EXERCISE DIRECTIONS: Pictures stay out. Extract the lines below from the first one through the line with "Так, у вихідні", both included.

STORED DATA:
───
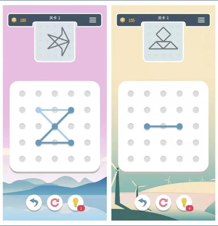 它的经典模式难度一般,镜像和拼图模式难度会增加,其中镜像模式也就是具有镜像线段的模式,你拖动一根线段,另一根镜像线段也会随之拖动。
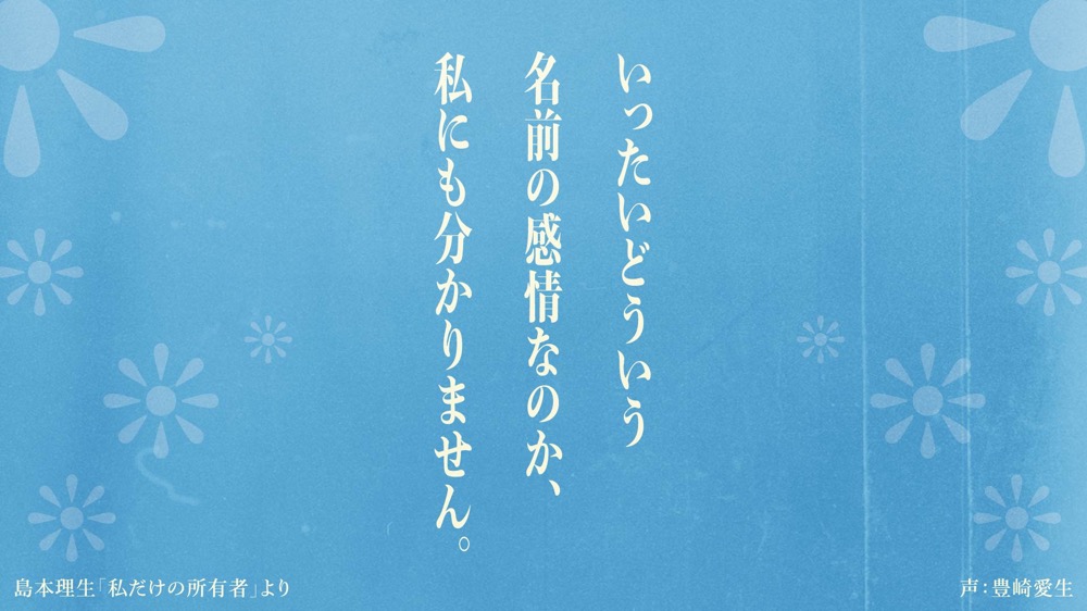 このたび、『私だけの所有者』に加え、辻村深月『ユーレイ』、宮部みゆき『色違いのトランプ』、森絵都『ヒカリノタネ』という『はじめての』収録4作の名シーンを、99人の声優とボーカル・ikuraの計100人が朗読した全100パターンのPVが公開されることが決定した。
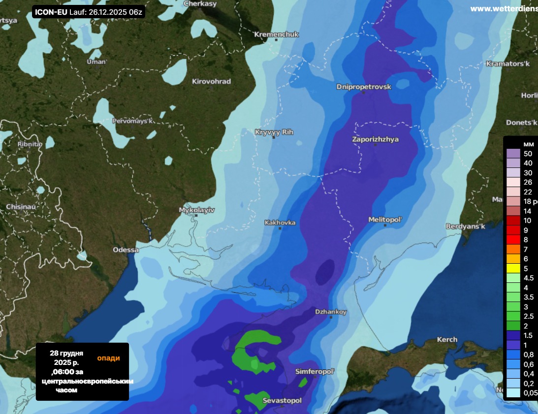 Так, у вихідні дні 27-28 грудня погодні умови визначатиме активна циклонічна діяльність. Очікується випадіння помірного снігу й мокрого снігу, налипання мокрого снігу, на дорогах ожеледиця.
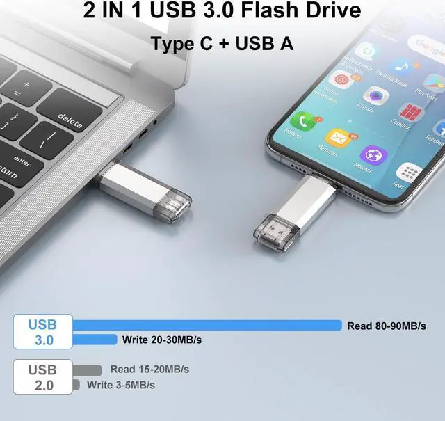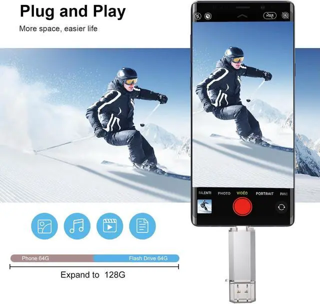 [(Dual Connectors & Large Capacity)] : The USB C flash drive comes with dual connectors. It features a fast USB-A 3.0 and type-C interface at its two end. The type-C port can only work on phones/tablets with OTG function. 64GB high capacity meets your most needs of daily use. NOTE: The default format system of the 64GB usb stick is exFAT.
───
RESULT OF THE EXERCISE:
 它的经典模式难度一般,镜像和拼图模式难度会增加,其中镜像模式也就是具有镜像线段的模式,你拖动一根线段,另一根镜像线段也会随之拖动。
 このたび、『私だけの所有者』に加え、辻村深月『ユーレイ』、宮部みゆき『色違いのトランプ』、森絵都『ヒカリノタネ』という『はじめての』収録4作の名シーンを、99人の声優とボーカル・ikuraの計100人が朗読した全100パターンのPVが公開されることが決定した。
 Так, у вихідні дні 27-28 грудня погодні умови визначатиме активна циклонічна діяльність. Очікується випадіння помірного снігу й мокрого снігу, налипання мокрого снігу, на дорогах ожеледиця.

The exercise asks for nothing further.